Problem: We denoted a measure space $(X,M, \mu)$ subatomic if $\inf\{\mu(E): E\in M \text{ such that } \mu(E)>0\}=0$.
- Show that in a subatomic space there are disjoint measurable sets $E_n$ ($n\geq 1$) with $0<\mu(E_n)<\frac{1}{2^n}$.
- If $(X,M,\mu)$ is a subatomic space, show that $L^1(X,\mu)\not\subset L^2(X,\mu)$.

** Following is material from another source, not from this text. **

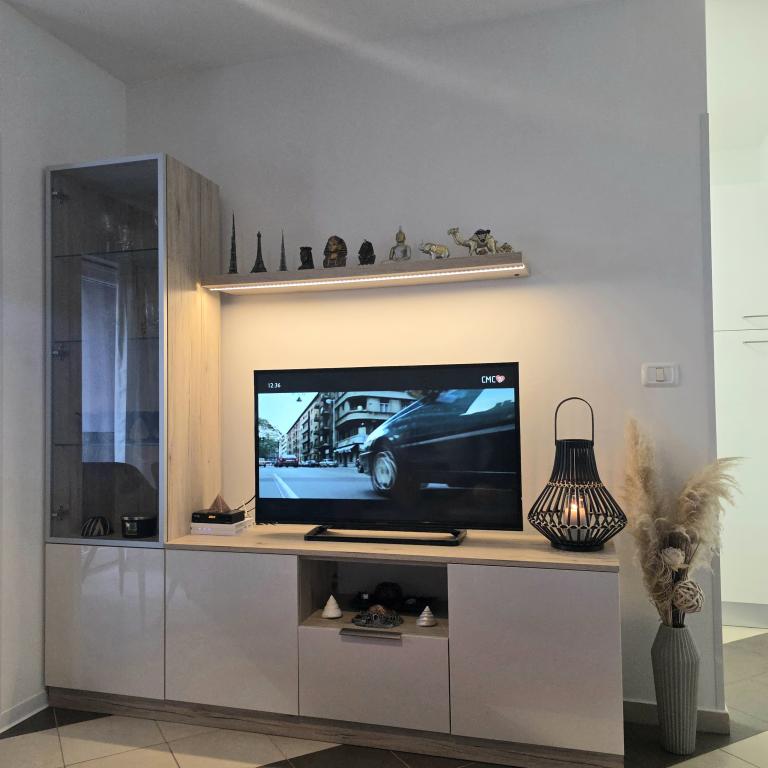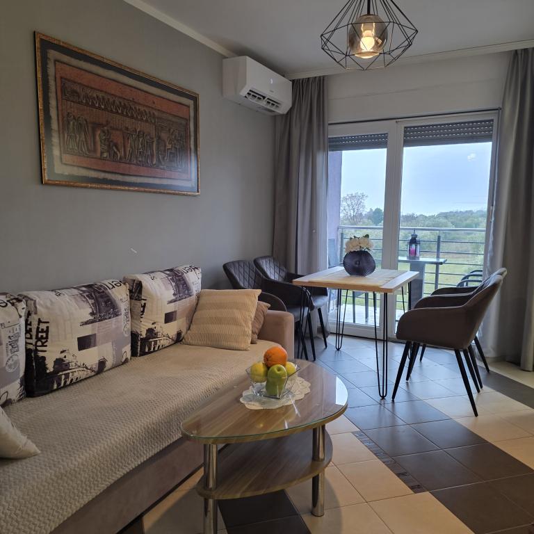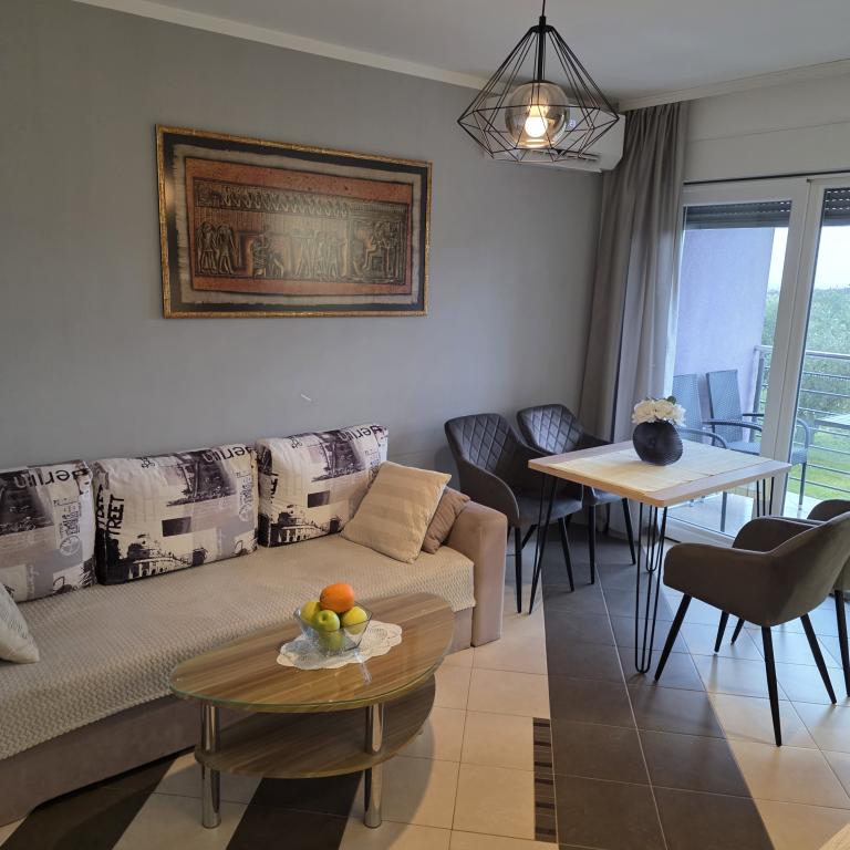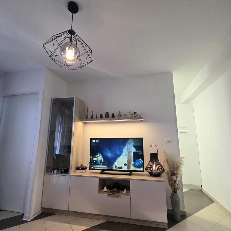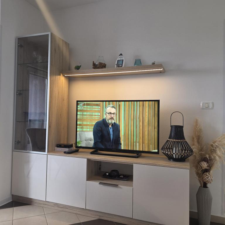 Apartamenty Mirella 4 znajdują się w nowo wybudowanej rezydencji Lavender z widokiem na morze i pięknym widokiem na zachód słońca. Do morza i pięknej piaszczystej plaży jest tylko 150m. Sklepy, piekarnia i restauracje w odległości 200m. Do centrum Umag 3 km. Wzdłuż morza znajduje się promenada aż do centrum Umag, a istnieje możliwość transportu pociągiem turystycznym. Apartamenty są klimatyzowane i w pełni wyposażone we wszystkie urządzenia. Łazienka z prysznicem z masażem, pralką, suszarką do włosów, żelazkiem. Kuchnia ze zmywarką, mikrofalówką, ekspresem do kawy, czajnikiem, dużą lodówką z zamrażarką i wszystkim innym, aby goście czuli się jak w domu. Dostępny jest bezpłatny dostęp do Internetu i parking strzeżony. Cena obejmuje korzystanie z basenu, leżaków, prysznica, dwumiejscowego, stołu i krzeseł w zadaszonej części tarasu przy basenie. Dziękujemy za wybór apartamentów Mirella, mam nadzieję, że w zamian spełnimy Państwa życzenia podczas pobytu w naszych apartamentach. Naszym celem jest Twoja satysfakcja i rekomendacja. Drodzy goście, witamy w Apartments Mirella!

- Conversely, show that if $L^1(X,\mu)\not\subset L^2(X,\mu)$ then $(X,M, \mu)$ is a subatomic space.
Solution
- Since $\displaystyle{\big( X , M, \mu \big)}$ is subatomic space, that is $\inf \big \{ \mu(E) : E \in M \text{ such that } \mu(E)>0 \big \} = 0$, so \begin{align*} \exists A_{n} \in M \text{ } \text{ , } \text{ } \mu ( A_{n} ) > 0 \text{ } \text{ , } \text{ } \forall n \in \mathbb{N} \text{ } \text{ : } \text{ } \mu ( A_{k} ) \xrightarrow[]{k \to \infty} 0 \Longrightarrow \\ \Longrightarrow \exists n_{k} \in \mathbb{N} \text{ , } n_{1} < n_{2} < \cdots \text{ : } \text{ } \mu ( A_{ n_{k} } ) < \frac{1}{2^{k}} \text{ } \text{ , } \text{ } \forall k \in \mathbb{N}. \end{align*} We define \begin{align*} B_{1} = A_{n_{1}} \\ \\ B_{k} = A_{ n_{k} } \setminus \left( \bigcup\limits_{m=1}^{k-1} A_{n_{ m }} \right), \forall k \geqslant 2 \end{align*} such that $\displaystyle{B_{k}}$ are disjoint measurable sets(as $\displaystyle{A_{n_{k}}}$ are measurable) for all $k \geqslant 1$ and \begin{align*} m ( B_{1} ) = m ( A_{n_{1}} ) < \frac{1}{2^{n_{1}}} < \frac{1}{2} \\ \\ m ( B_{k} ) = m \left( A_{n_{k}} \setminus \left( \bigcup\limits_{m=1}^{n-1} A_{n_{m}} \right) \right) < m ( A_{n_{k}} ) < \frac{1}{2^{k}} , \forall k \geqslant 2. \end{align*}
My question is that: Is it true $m(B_{k})>0$ for all $k\geq2$? OR how can we find that sets $E_{k}$ for all $k\geq1$?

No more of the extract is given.